What do you call a Planned Parenthood supporter, anti-Kavanaugh activist, social media titan and supermodel known for “baring it all," who's also a feminist? Well normal Americans would call her a catwalk strutting oxymoron, but the media would call her “influential” and lavish heaps of praise on her for her “whirlwind career,” while giving her a platform for her wonky lefty politics.
You know, politics like insisting that wearing a burka or supporting Planned Parenthood is the epitome of feminism.
ABC’s Nightline gave celebrity supermodel and social media mogul Emily Ratajkowski an absolutely glowing promotional segment on Monday night. Rebecca Jarvis touted the 28 year-old as “one of today’s biggest celebrities and among the most influential women on social media.” She’s had a “whirlwind of a career” for someone so young, and is mega famous with “almost 25 million Instagram followers.”

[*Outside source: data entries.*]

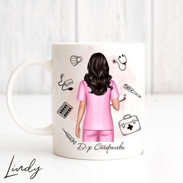 Персонализирана чаша за подарък за доктор с тематични елементи
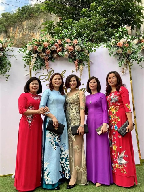 越南的婚礼一般穿两套衣服,一套婚纱,一套奥黛,婚礼上的奥黛颜色款式五花八门,而且分分钟有种可以拍时装大片的感觉,百花争艳,下面几张是我大嫂贵妇女团提供的照片
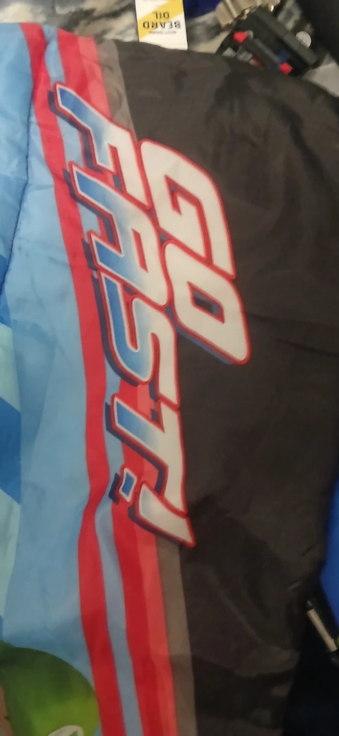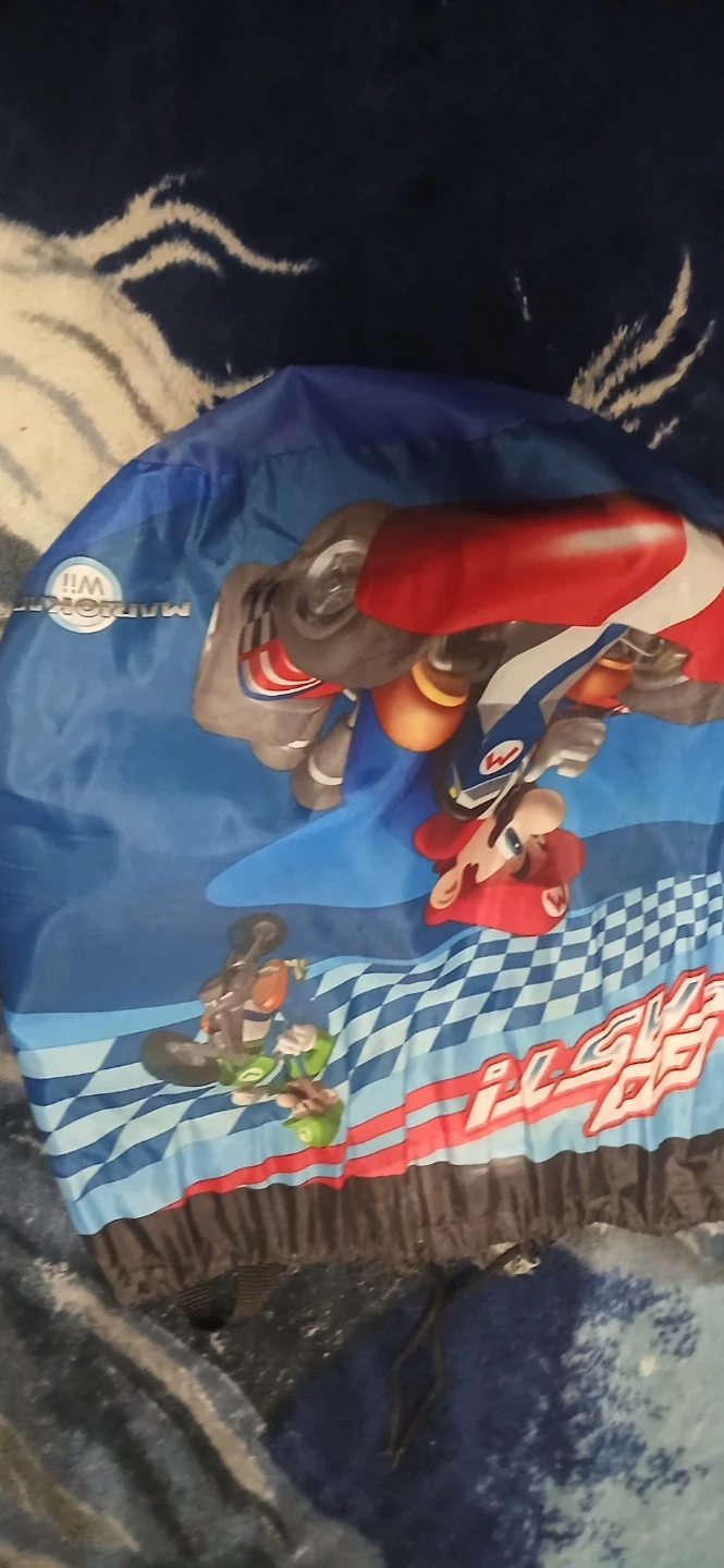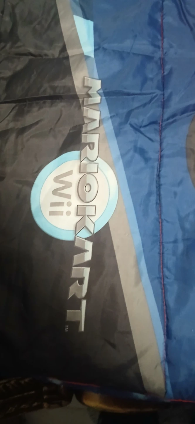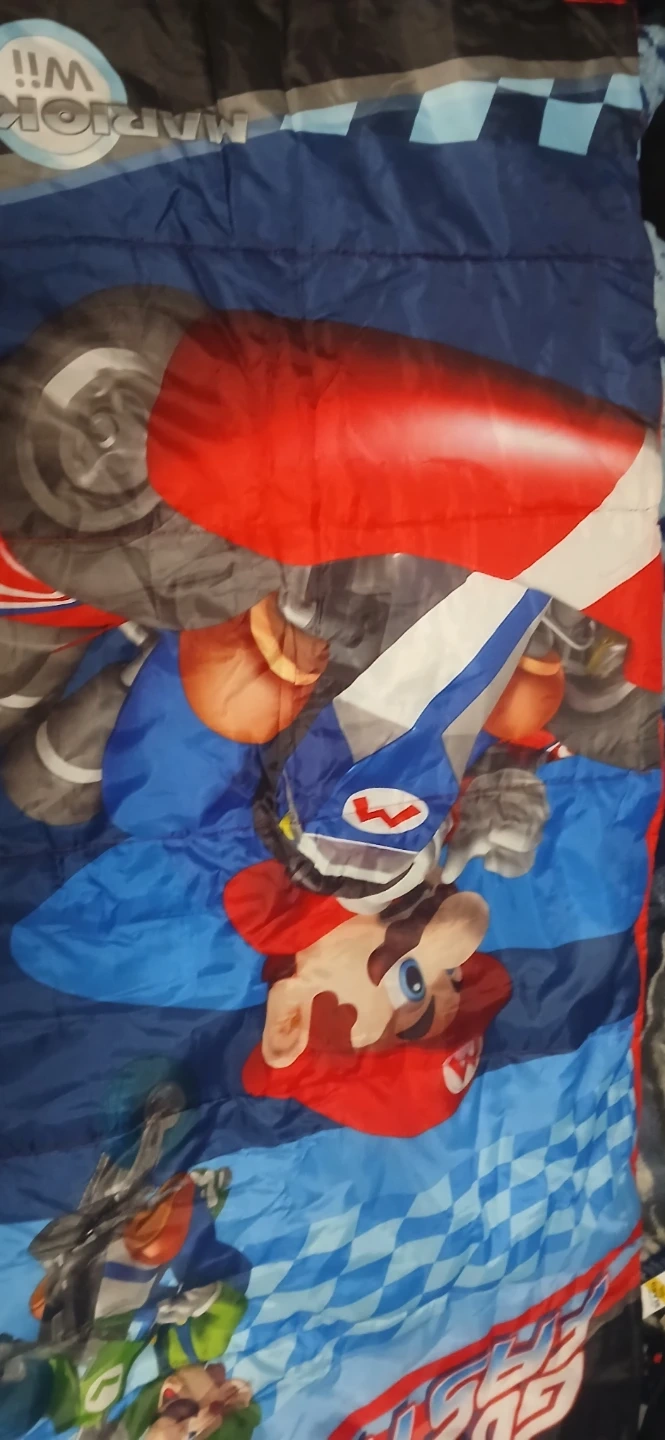 This Nintendo Mario Kart Wii sleeping bag features Mario and Luigi. It's blue with a racing theme. Perfect for any young Mario Kart fan!
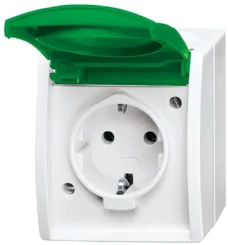 Opbouw wandcontactdoos met randaarde, met groene klapdeksel, met opdruk "SV", met 57,8 x 9,8 mm tekstveld, IP44, ocean-alpinwit. |

Nightline wouldn’t stop, adding, “Emily Ratajkowski isn’t just a social media star, she’s influencing the culture with her own distinct message of body-positivity and feminism.” See that’s the problem. ABC’s claims were combined with images of Ratajkowski protesting Kavanaugh at the US Supreme Court, and posing in lingerie exposing her armpit hair on social media.
Doesn’t sound like she’s taking a stand for much, but still ABC humored her.
“What is your brand of feminism?” the Nightline reporter asked. Ratajkowski responded, “It’s just about the ability to choose; to be whatever kind of woman you want to be, to dress however you want whether it be in a burka or a bikini.”
Ok, so clearly she’s not doing too much thinking. The burka as feminism? Nightline’s picture of her holding an “I Stand With Planned Parenthood” sign as feminism? Still the irony rolled on.
Nightline continued, saying, “She’s turning heads and raising eyebrows with her skin-baring posts.” Oh but Ratajkowski can spin that as activism rather than blatant exhibitionism right quick. “Why do you think of nudity as expressing yourself as a feminist? There are people who say that is not the case.” She replied, “I don’t actually believe that nudity is expressing yourself. I think that choosing to represent your body however you choose is an empowering thing.”
So let us get this straight, displaying your nude self has no bearing on your status as a person, but it still somehow supposedly gives you power? Yeah it doesn’t make much sense.
Adding to the incoherence, Ratajkowski responded to the interviewers’ questions about “owning the narrative” by claiming, “We shouldn’t be taking women for how they represent themselves, or their body or even their sexual past and judging them for those things … It’s not something we do with men.”
If this has anything to do with Justice Brett Kavanaugh, (whom she was arrested for protesting against) then that’s BS. The man’s entire social standing was all but destroyed based on a false judgment of his sexual past. It sounded like something a white man of privilege would do so why not? Disgusting.
And as far as the other stuff, Ratajkowski is the kind of independent thinker who thinks doing whatever she wants is activism and that includes killing innocent unborn children and having women wear clothing that denotes male ownership over them. Let’s just call her a model and leave it at that.